2011-07-18 12:01:42

Archbishop Martin on aftermath of Cloyne report

The Archbishop of Dublin, Diarmuid Martin, addressing the faithful of his diocese during mass Sunday appealed to priests and laypeople not to be become “frustrated or indifferent”.

A letter from the apostolic administrator of Cloyne, Archbishop Dermot Clifford, was read in parishes throughout Ireland Sunday as Catholics came to grips with the aftermath of the government commissioned report into the handling of abuse in the diocese.

Since the report’s publication Wednesday public anger has been mounting. On Thursday the government convoked the Apostolic Nuncio Giuseppe Leanza, who stated he was “very distressed that again there have been failures in assuring the protection of children in the church despite all the good work that has been done”.

Speaking to believers in Dublin’s pro-cathedral Sunday Archbishop Martin said that the former Church authorities in Cloyne, had put themselves “beyond the norms the current Pope had promulgated for the entire Church” and that the “Church can never rest until the day in which the last victim has found his or her peace”.

Although Archbishop Martin stated that “the Catholic Church in Ireland is a much safer place today than it was even in the recent past,” he admitted that the Church has not yet “learned the lessons” from mistakes made in handling the sex abuse crisis.

He expressed his anger that children had been put at risk well after the Bishop’s guidelines were in place.

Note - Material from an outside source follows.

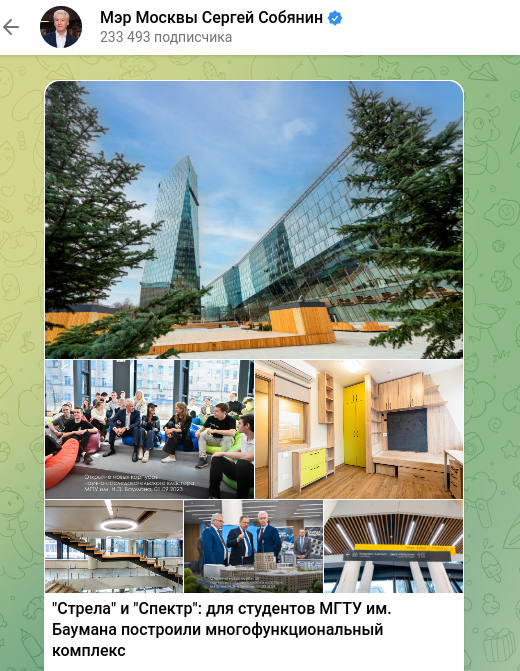 Для студентов МГТУ им. Баумана построили многофункциональный комплекс - "Стрела" и "Спектр". Об этом сообщил мэр Москвы Сергей Собянин в своём телеграм-канале.

He insisted that “those in Church and State who have acted wrongly or inadequately should assume accountability,” but maintained that “those priests who have ministered untarnished and generously over years – indeed for an entire lifetime - should not be made scapegoats and objects of hate.”

He said “Priests deserve recognition for the good they do and they need the support of their people. I appeal to those priests who have become demoralised and half-hearted not to give in to cynicism but to heed the Lord’s call to renewal and conversion”.

Archbishop Martin also called on the government to respect the rights of believers as enshrined in the nation’s 1916 Proclamation of Independence. He said “a republic is not indifferent to the faith of its citizens”, “a republic respects the specific rights of believers”.

He conceded that “great damage has been done to the credibility of the Church in Ireland” and repeated that the role of the Church in Irish society will only be regained by the Church being more truly what the Church is”.